Наталья в последнее время была вялой, засыпала на ходу,
зевала, прикрывая рот ладошкой, даже когда ругалась с Саней. Спала только днем,
урывками. Ночами ей приходилось по несколько часов подряд катать детскую
кроватку туда-сюда, ходить по комнате из угла в угол с Димычем на руках.
Ребенку было девять месяцев. У него тяжело, с болью и высокой температурой,
резались зубки, ночами он плакал и совсем не спал.
– По делам, – буркнул Саня, стараясь не глядеть на жену,
машинально расстегнул и опять застегнул короткую дубленку, еще раз поправил
шарф и затоптался у двери, как нетерпеливый конь.
– В десять вечера? Не ври, Санька, какие могут быть дела в
десять вечера в субботу? – Голос Натальи задрожал, послышались гадкие
истерические нотки.
– Прекрати. Ты отлично знаешь, дел у меня сейчас очень
много. Я должен встретиться с одним нужным человеком. Вернусь поздно, – Саня
старался говорить спокойно, но раздражение все-таки вырвалось наружу, – и
вообще, хватит. Мне надоели твои истерики.
Наталья всхлипнула. Лицо ее моментально вспухло и покрылось
красными пятнами.
– Я сижу дома целыми днями. Двор, магазин, детская
поликлиника. Я так с ума сойду, Саня. Ты уходить, когда хочешь, куда хочешь, а
я сижу, как привязанная, в четырех стенах. Я ведь знаю, у тебя есть кто-то. Но
я не могу тебе тем же ответить. Не могу…
– Почему ты без конца пилишь меня?! И так тошно! Нет у меня
никого, поняла, дура?! – неожиданно для себя выкрикнул Саня ей в лицо, так, что
полетела слюна, и оттого, что самому себе в этот момент стал противен,
разозлился еще больше. – Ты сидишь с ребенком. Я кормлю семью. У нас все
нормально. Квартира, машина, дача, две шубы у тебя, на день рожденья захотела
изумрудные сережки – купил. Платье от Диора захотела – купил.

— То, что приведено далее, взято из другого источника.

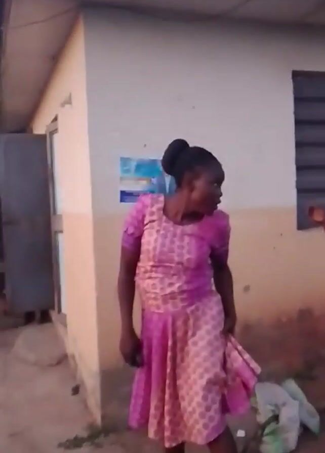 A woman in a pink dress is seen in a backyard-like area. She is dancing and looking at a building. A small child in a blue and green outfit is also present in the backyard area. There are other buildings and a water tank visible in the background.

– Ага, конечно! – Наталья шмыгнула носом. – А куда я пойду в
этом платье? В детскую поликлинику? На рынок? Ты обещал няню!
– Слушай, детка, ты понимаешь, что в стране кризис? Ты хоть
раз вместо сериалов новости посмотри! Где я тебе сейчас возьму денег на няню?
Скажи спасибо, что на памперсы пока хватает.
– Не называй меня деткой! Ты прекрасно знаешь, не смотрю я
сериалы, меня от них мутит, – всхлипнула Наташа, – не делай из меня идиотку.
Это очень удобно – иметь тупицу-жену, предмет домашнего обихода. Тогда и на
сторону не грех сбегать. Скучно ведь с дурой, которая, кроме всяких «Жестоких
ангелов», ничего не видит и не понимает.
Из комнаты послышался громкий детский плач. Наталья махнула
рукой и произнесла неожиданно спокойно, вскинув подбородок:
– Ладно, катись куда хочешь. – Резко развернувшись, она ушла
в комнату, и через минуту оттуда раздался ее голос, совсем другой, глубокий,
мягкий, ласковый:
– Солнышко мое, проснулся, маленький, ну, иди к маме на
ручки, сейчас покушаем…
Плач сменился радостным гуканьем, Саня не удержался,
приоткрыл дверь, увидел, как Наталья, усевшись на тахту, кормит грудью ребенка.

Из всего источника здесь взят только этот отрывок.